Published online by Cambridge University Press: 05 July 2016
This contribution sets out the legal effects of ASEAN external agreements within ASEAN Member States, with regard to the relationship between ASEAN as an International Organisation and its members. In particular, it demonstrates how ASEAN practice in relation to its external relations is, on the whole, likely to contribute to an increased role for the ASEAN Secretariat.
In approaching the theme of internal effects of external agreements, we distinguish three types of agreements. First, agreements which ASEAN concludes as an International Organisation. Such agreements do not bind Member States and do not show internal effects within domestic legal orders. However, they might strengthen the monitoring and facilitating functions of the Secretariat in relation to Member States’ treaty obligations and thus have internal effects within the ASEAN legal order or, better expressed, as we will argue, its legal regime.

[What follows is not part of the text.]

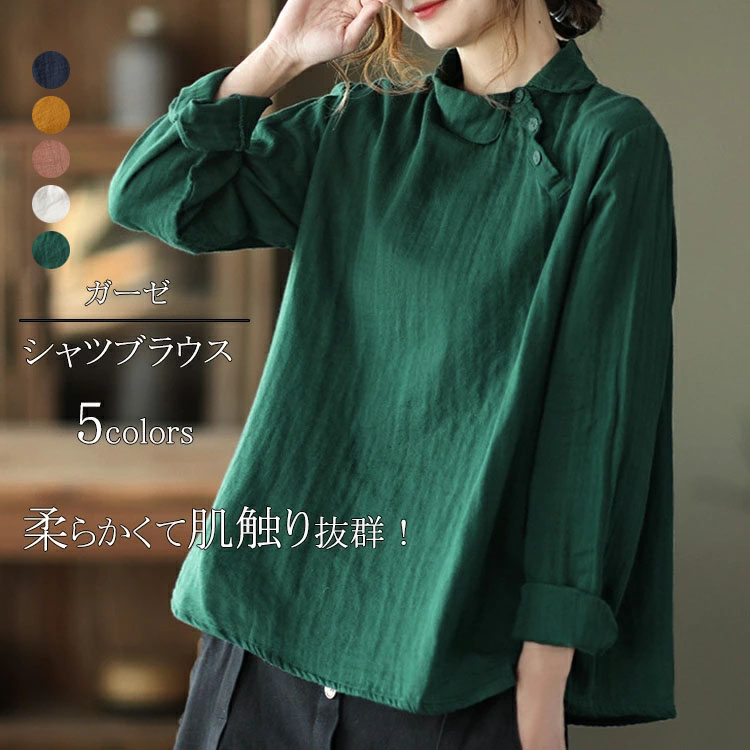 襟デザイン可愛い長袖綿シャツ ガーゼシャツ 長袖シャツ ブラウス タッチ感の優れる素材 柔らかい カジュアル シンプル ナチュラル 落ち着き 肌触りいい 30代 40代 50代 デザイン

Agreements with non-ASEAN Member States usually take the form of international treaties between state parties, which is the second type of agreement. Such agreements may well be read in a rather uncontroversial manner to suggest plainly that they are plurilateral agreements indistinguishable from other international law agreements. There is nothing specific about them when it comes to internal effects or otherwise. We discuss their internal effects within Member States from the points of view of both international law and, in a comparative perspective, domestic constitutional law. Since knowledge about the constitutional practices of ASEAN Member States with regard to the internal effects of international law is uneven and in any event rather sparse, this part of the argument largely models different possibilities. As yet, we do not have sufficiently evolved case-studies on the internal effects of these plurilateral agreements. We draw on ASEAN Member States’ domestic practices to the extent that we could gather it. We note, and are aware, that our access and thus knowledge is distributed unevenly, with most references stemming from the Singapore context. In light of the need for further studies in this regard, for now, we further engage in a specific case study of the implementation of the Convention to Eliminate All Forms of Discrimination Against Women (CEDAW). We do so for inspiration and by proxy, believing that this is illuminating and helpful for readers in imagining what impact ASEAN plurilateral legal relations might have.